Note any weaknesses in the tool or degeneracies with more specific
inputs. Could you have done better by hand? What
adjustments/improvements do you believe are necessary to the graph
drawing engine of this tool?
Write a short review of the tool. How quick was the installation and
learning to use the tool? What resources were most useful? What
sorts of applications/datasets are most appropriate for this tool?

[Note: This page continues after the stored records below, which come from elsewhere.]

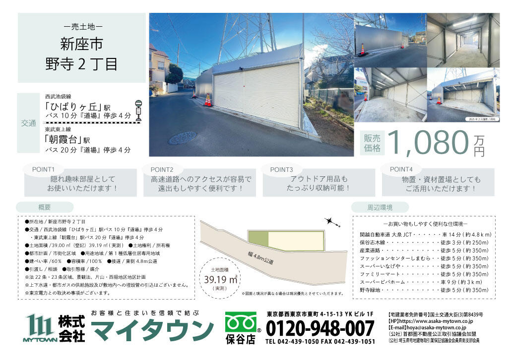 | 物件名 | 新座市野寺2丁目 建築条件無売地 全1区画 |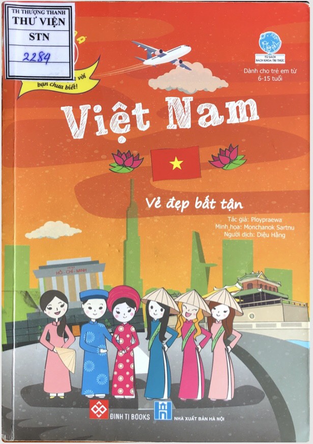 V. Thông tin thư mục: Việt Nam – Vẻ đẹp bất tận/ Lời: Ploypraewa; Minh họa: Monchanok Sartnu; Diệu Hằng dịch.- H.: Hà Nội; Công ty Văn hóa Đinh Tị, 2019.- 56r.:minh họa; 21cm.- (Tủ sách Bách khoa thư tri thức. Đông Nam Á-những điều tuyệt vời bạn chưa biết!) (Dành cho trẻ em từ 6 – 15 tuổi).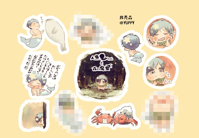 セットお買い上げの方におまけシール作ってます~ (モザイクはまだ出していない人魚ちゃん) ※イメージなのでデザイン変わるかも? #創作漫画 #人魚ちゃん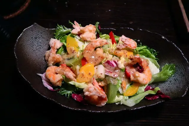 酥脆可口的鮮蝦仿如在生菜上彈跳,整體鮮香爽口,又有水果點綴讓人意猶味盡,非常值得點來吃的開胃前菜。

What are the limitations of this tool? What are some
suggestions/cautions to others who consider using this tool?
How to Submit
Regardless of whether you worked with a partner for part 2, each
student should individually prepare their own .pdf report with
embedded images. Be sure to include:
-
~5 graphs of synthetic data demonstrating a variety of graph
types and visualization styling. Write a short caption for each
describing what you were trying to achieve, what was successful,
and/or what needs improvement.
-
Your source code for part 1 that you used to generate synthetic input data.
Note: We won't try to run your code when grading, so
don't include any 3rd party libraries you may have used or the
executable. The code should have some organization and basic
comments, but you do not need to prepare detailed documentation.
-
3 polished graphs of the course data with carefully written captions.
Be sure to point out interesting observations you discovered
about the course and instructor data that the viewer can
see in your visualizations.
-
The name of your partner -- if you worked with a partner for part 2.
-
Your source code for part 2 to process the QuACs data and prepare the input for
your course and instructor graph visualizations.
-
Your review and discussion of the Graphviz tool.
Finally, share your favorite, most-successful image from the assignment on the
Submitty Forum. Make sure your forum post includes a well-written and
descriptive caption to go along with your image.